Revyz contacted me not too long ago and unloaded some interesting info. Apparently, this article I wrote back in 2021 is one of the top Google returns for “Jira Backup.” But, looking back at it, it could be better. First off, it’s exclusively about DC and Server. I still think this holds up for those running DC, but we know most people these days are on Jira Cloud.

Second, while the basics are there, I’ve delved deeper into the world of backups, uncovering some fascinating insights. So, I’ve decided to share these backup basics and then compare how Atlassian’s backup solution measures up against the Revyz solution. Without further delay, let’s dig into this.

Backup Basics

So, let’s start with the basics here. What constitutes a healthy backup regiment? When are there too many backups, and when are they not enough? I think to me that proper backup health covers a few things:

First, you have enough of them in the right places.
Two, they are automatic.
You should still test your backups regularly.
The procedures for accessing and restoring them are accessible.
You should know how much data you are willing to lose (Recovery Point Objective, or RPO) and how long you want it to take to restore service (Recovery Time Objective, RTO)

3-2-1 Rule for Backups

So, first, we need to ensure you have enough backups. For this, I employ the 3-2-1 Rule. Have you never heard of it? Simply put, it is:

You should have 3 copies of your data: One original and two copies
They should be on 2 different media: tape, cloud storage, hard disk, etc.
And 1 of those copies should be kept offsite.

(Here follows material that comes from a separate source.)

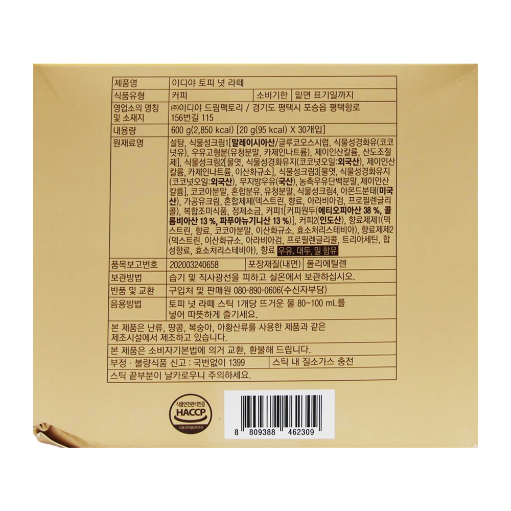 | 제품명 | 토피 넛 라떼 30T/이디야 |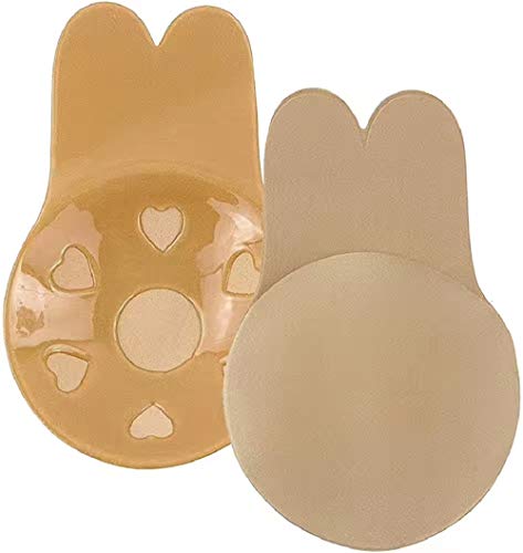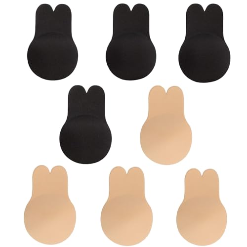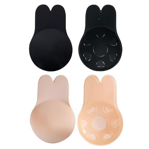 JFGDVW 2 Pairs Breathable Rabbit Ear Lift Pasties, Stick on Bra Cups, Strapless Push up Bras, Invisible Bra, for Women,for Weddings,Party(Black,Nude)

For example, for my local NAS, I have the following setup:

I have three copies of the data:

The Original TrueNAS Core Server
A secondary QNAP NAS that stores a copy of the data, which is delta backed up nightly, full backup Weekly
A backup stored in Backblaze also backed up weekly

This satisfies the 3-2-1 Rule well. I have three copies of the data, which are locally split between two separate systems. Yes, they are both hard drives, so if you are a purist, consider my offsite backup to be both the second type of media and my one offsite backup.

Automation

Second, your backups should be automatic. You should not have to think about this process day-to-day because, eventually, you will stop doing it. This isn’t your or your team’s fault – this is just human nature. You get busy with higher-priority tasks, and boom, you’re in an emergency and realize your backups have not been run for two months. Which, I’m sorry to say that two months of lost work would be unacceptable.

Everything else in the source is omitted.